In any aspect of this case, plaintiff could not recover unless he was entitled to possession of the old car, and he was not entitled to possession of it unless he had legally purchased and owned it, which he with some reason “supposed” would be a question. It was personal property of over $50 in value, which he said he had never paid for or had possession of, did not know where it was, or whether it was ever moved from where it was stored. He had no memorandum in writing of its purchase from Hoffman, and neither of them, so far as shown, from Geiger, who was yet in possession of it when this oral and.suggestively contingent bargain was made for plaintiff to buy the old car to trade in on a new one.
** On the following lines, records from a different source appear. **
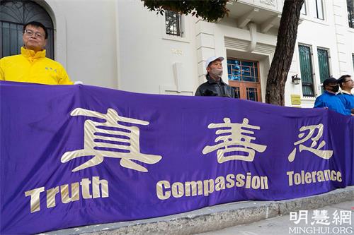 “所以,我们要站出来,告诉世人:中共仍然在迫害法轮功,仍然在迫害修炼真、善、忍的好人。我们要求停止迫害。只要迫害不停止,我们就一直做下去,揭露中共的邪恶,唤醒人们的良知,直到迫害停止的那一天。”
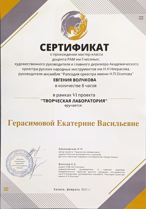 8. Публикация в ВИМЦ им. М.В. Ломоносова по теме: «Формирование мотивации учащихся детской музыкальной школы к обучению игре на балалайке», февраль, 2020 г. , Сертификат Герасимова Е.В.
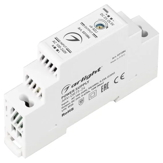 Arlight 031084 Блок питания ARV-DR15-24 (24V, 0.63A, 15W) (Arlight, IP20 DIN-рейка) - ! УПАКОВКА СОСТОИТ ИЗ - 1 шт
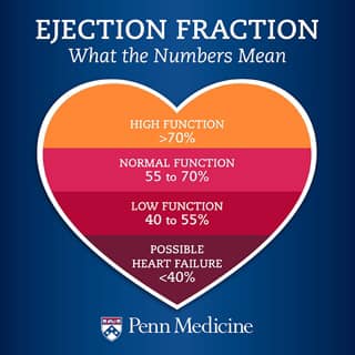 When EF is lower (for example below 40%), it can indicate that your heart is not pumping as strongly as it should.
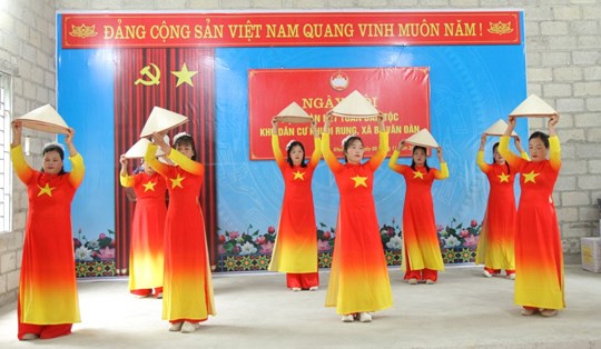 | Nhân dân xóm Khuổi Rung biểu diễn văn nghệ trong ngày hội |
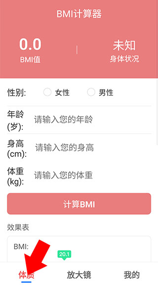1、下载并打开享读,点击下方的体质即可来到体质计算界面
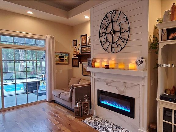 Rarely available pool home in Rose Hill on the 15th hole. Beautifuly updated 4 BR /4 Bath custom home includes newer roof (2015), newer light & bright kitchen w/ quartz counters, S/S appliances, recessed lights, tile backsplash & updated cabinetry. 3 BRs on main floor & huge 4th BR/full bath on 2nd fl. Newer wood floors, new electric FP, newer interior/exterior paint, New water heaters, new pool pump, new front door with transom window. Relax & enjoy the private pool, screened lanai and fenced yard with golf views! This home has too many upgrades to mention. A must see! Gated community. Close to Downtown Bluffton and Hilton Head Bridge.
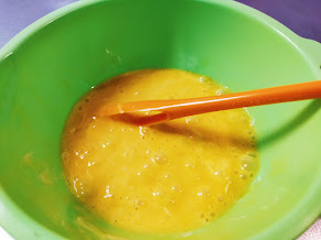- 卵2個に、マヨネーズを小さじ2を入れて、40~50回混ぜます。
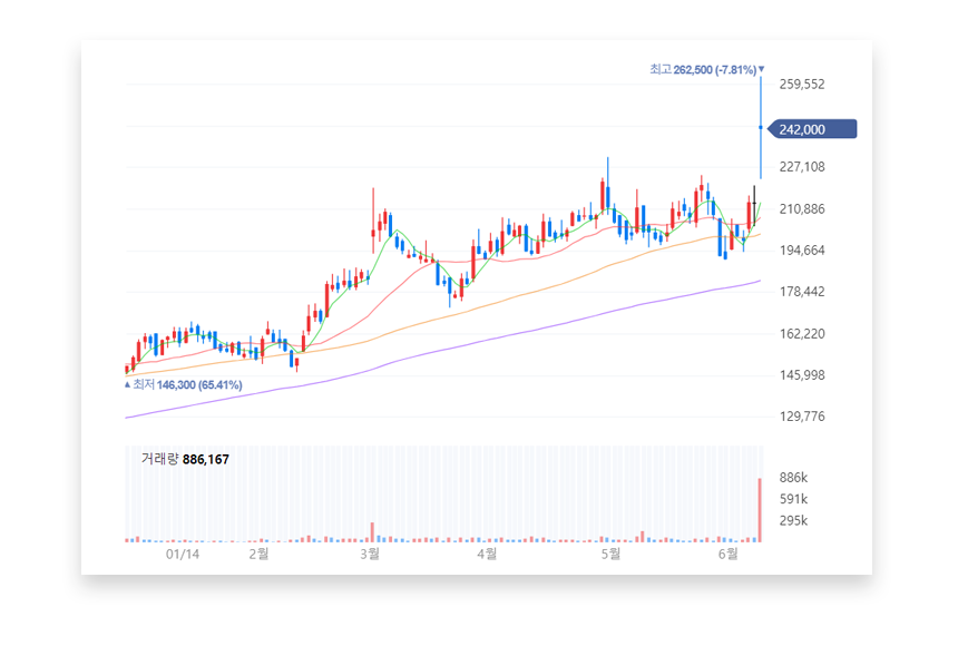 - 24년 6월 11일 기준 주가는 147,100원에서 급격히 상승하여 최고 262,500원까지 도달한 후 242,000원에 종가 마감되었습니다. 주가 상승과 함께 거래량이 크게 증가하였으며, 이날 매수세가 기관에서 강하게 유입되었습니다.

Conceding that by authorized acts of agency on' the part of Hoffman and Geiger a constructive delivery to defendant’s agent by Geiger operated intermediately to vest title in plaintiff, their knowledge within the scope of their agency was his knowledge, and they knew what the facts were if he did not.
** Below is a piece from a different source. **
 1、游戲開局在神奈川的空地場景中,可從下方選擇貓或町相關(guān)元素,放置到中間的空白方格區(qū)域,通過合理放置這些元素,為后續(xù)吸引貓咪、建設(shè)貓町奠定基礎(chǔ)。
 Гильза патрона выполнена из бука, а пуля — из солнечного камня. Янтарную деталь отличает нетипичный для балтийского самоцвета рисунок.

*628Demand of payment for the car was made of defendant and refused before either action was brought. There was no room for misunderstanding as to plaintiff’s contract for a new car being canceled, or defendant’s denial and defense thereafter as to the old car. The object of both suits was the same — to compel defendant to pay for the car. Under the circumstances of this case, the second demand was in fact and purpose a repetition of the first, though made in different form to lay the foundation for a second action, in tort, which might have been tried out under the pleadings in the first, so far as this record discloses. The case was apparently tried on its merits, and no objection to the form of action is shown to have been made. Recovery can be had for a tort under the common counts in assumpsit, and if no objection is made to the form of action until after all the evidence has been introduced it will not prevail. Boston, etc., R. Co. v. Dana, 1 Gray (Mass.), 83.
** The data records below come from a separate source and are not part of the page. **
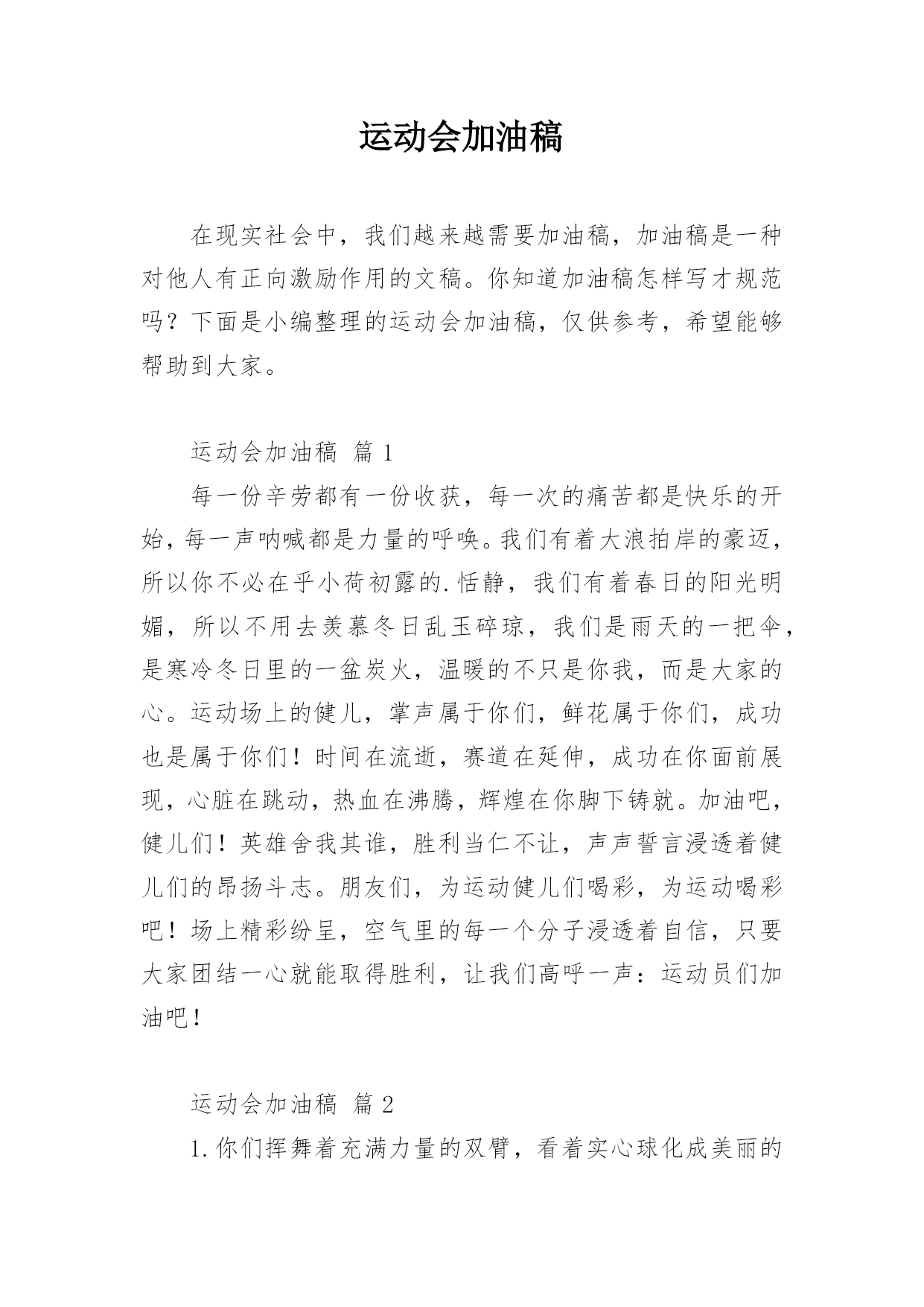 运动会加油稿在现实社会中,我们越来越需要加油稿,加油稿是一种对他人有正向激励作用的文稿。你知道加油稿怎样写才规范吗?下面是小编整理的运动会加油稿,仅供参考,希望能够帮助到大家。运动会加油稿篇1每一份辛劳都有一份收获,每一次的痛苦都是快乐的开始,每一声呐喊都是力量的呼唤。我们有着大浪拍岸的豪迈,所以你不必在乎小荷初露的.恬静,我们有着春日的阳光明媚,所以不用去羡慕冬日乱玉碎琼,我们是雨天的一把伞,是寒冷冬日里的一盆炭火,温暖的不只是你我,而是大家的心。运动场上的健儿,掌声属于你们,鲜花属于你们,成功也是属于
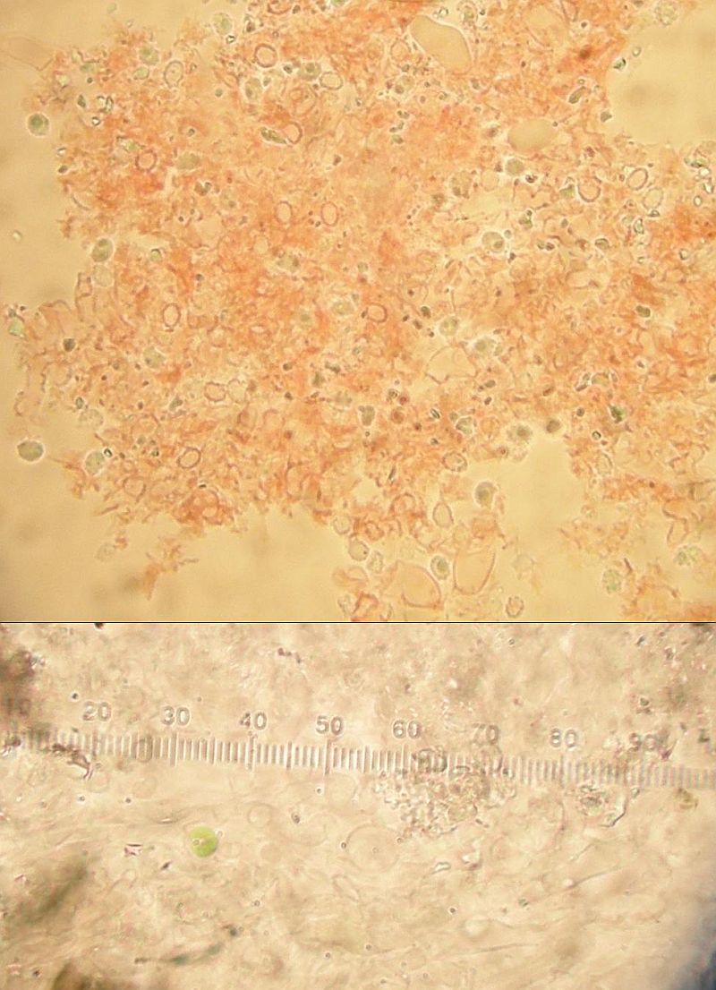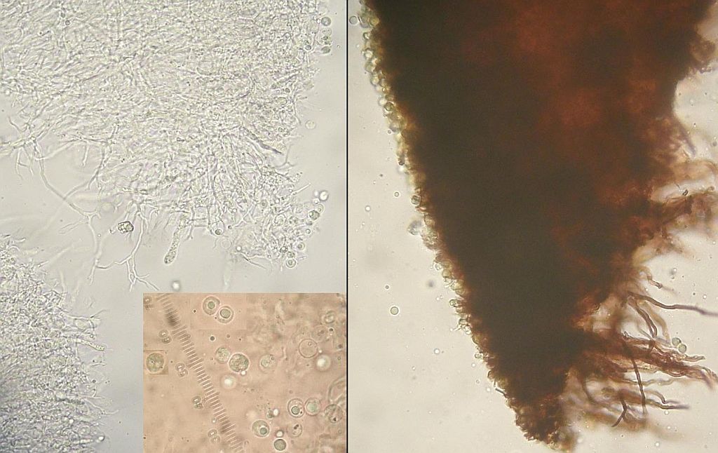 Mikroskopisch hat das Inonotus - artige Hyphen und Konidien. Recht unspektakulär.
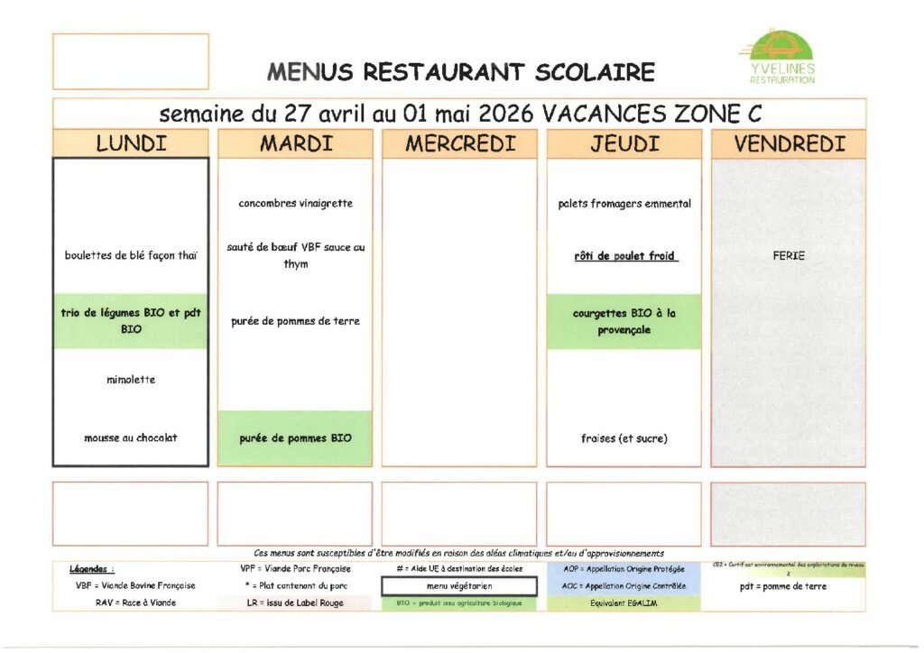 Menus Cantine semaine du 27 avril au 01 mai 2026

Both actions were between the same parties over the same subject-matter, and the object of each was to recover a money judgment for the same property. Both the questions of title and right to possession could have been tried in that action as well as in trover on defendant’s denial of ownership and possession. In Jennings v. Sheldon, 44 Mich. 92 (6 N. W. 96), this court said of an action brought to recover the value of certain stone:

“It was clearly shown that the Dean suit was brought to recover for the value of the stone, and that Sheldon assumed the defense of it. It was immaterial that the suit was in assumpsit. It may be that the circumstances of the taking of the stone were such that assumpsit could not have been supported if objection had been made (Watson v. Stever, 25 Mich. 386); but the parties were not bound to take that objection, and the title could as well be tried in an action of assumpsit as in one of trespass or trover.”

*629If, as plaintiff asserts, the former proceeding was prosecuted by him through a trial to judgment upon the sole issue and theory that defendant was owner of the car and holden for its purchase. price, that claim is totally at variance with his present contention that defendant was not the owner, but in tortious possession. The two positions are inconsistent and contradictory. The assertion of one involves negation or repudiation of the other. Having, as appears by the record, advisedly elected to litigate his contention of ownership upon its merits to a final judgment in the former case, plaintiff is not now in a position to repudiate that contention and treat defendant as a wrongdoer because hot the owner. Nield v. Burton, 49 Mich. 53 (12 N. W. 906); Farwell v. Myers, 59 Mich. 179 (26 N. W. 328).

The judgment is therefore reversed, with costs, and a new trial granted.

Kuhn, C. J., and Stone, Bird, Moore, Brooke, and Fellows, JJ., concurred. Ostrander, J., did not sit.